2. A registration statement under this
section must contain the following information and be accompanied by the
following records in addition to the information specified in subsection 4 of NRS 90.500 and the consent to service of
process required by NRS 90.770 :
(a) One copy of the latest form of prospectus
filed under the Securities Act of 1933;
(b) If the Administrator by regulation or order
requires:
(1) A copy of the articles of
incorporation and bylaws, or their substantial equivalents, currently in
effect;
(2) A copy of any agreement with or among
underwriters;
(3) A copy of any indenture or other
instrument governing the issuance of the security to be registered; and
(4) A copy, specimen or description of the
security;
(c) If the Administrator requests and subject to
the provisions of NRS 90.730 , any other
information or copies of any other records filed under the Securities Act of
1933; and
(d) An undertaking to forward promptly and in any
event not later than the first business day after the day they are forwarded to
or filed with the Securities and Exchange Commission, all future amendments to
the federal prospectus, other than an amendment that delays the effective date
of the registration statement, whichever occurs first.
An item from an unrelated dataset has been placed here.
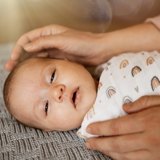Formát 120 × 120 cm uľahčuje bezpečné a pohodlné zavinovanie aj ďalšie použitie – od prikrývky po clonu kočíka alebo ľahkú deku do autosedačky.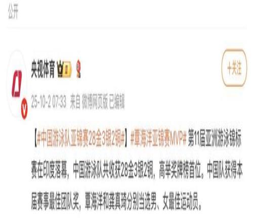 据@央视体育 消息,第11届亚洲游泳锦标赛在印度落幕,中国游泳队共收获28金3银2铜,高举奖牌榜首位。中国队获得本届赛事最佳团队奖,覃海洋和龚真琦分别当选男、女最佳运动员。 编辑 毛天宇 |

3. A registration statement under this
section becomes effective when the federal registration statement becomes
effective and all the following conditions are satisfied:
(a) No order is in effect, and no proceeding is
pending, under NRS 90.510 ;
(b) The registration statement has been on file
with the Administrator for at least 10 days, but if the registration statement
is not filed with the Administrator within 5 days after the initial filing
under the Securities Act of 1933, the registration statement must have been on
file with the Administrator for 30 days or any shorter period as the
Administrator by regulation or order specifies; and
(c) A statement of the maximum and minimum
proposed offering prices and the maximum underwriting discounts and commissions
has been on file for 2 full business days or any shorter period the
Administrator permits and the offering is made within those limitations.
4. The registrant shall promptly notify the
Administrator of the date and time when the federal registration statement
became effective and the content of the price amendment, if any, and shall
promptly file a posteffective amendment containing the information and records
in the price amendment.
5. Upon failure to receive the required
notification and posteffective amendment with respect to the price amendment,
the Administrator may enter an order, retroactively denying effectiveness to
the registration statement or suspending its effectiveness until the registrant
complies with subsection 4. The Administrator shall promptly notify the
registrant of the issuance of the order. If the registrant proves compliance
with the requirements of subsection 4 as to notice and posteffective amendment,
the order is void as of its entry.
6. The Administrator by regulation or
order may waive either or both of the conditions specified in paragraphs (b)
and (c) of subsection 3.
7. If the federal registration statement
becomes effective before all the conditions in subsection 3 are satisfied and
they are not waived, the registration statement automatically becomes effective
when all the conditions are satisfied. If the registrant advises the
Administrator of the date when the federal registration statement is expected
to become effective, the Administrator shall promptly advise the registrant, at
the registrants expense, whether all conditions are satisfied and whether the
Administrator then contemplates the institution of a proceeding under NRS 90.510 , but the advice by the
Administrator does not preclude the institution of a proceeding for an order
suspending the effectiveness of the registration statement. An order issued
under this subsection is not retroactive.
8. The Administrator by regulation or
order may waive or modify the application of a requirement of this section if a
provision or an amendment, repeal or other alteration of the provisions of the
Securities Act of 1933 for the registration of securities or of the regulations
adopted under that act renders the waiver or modification appropriate for
further coordination of state and federal registration.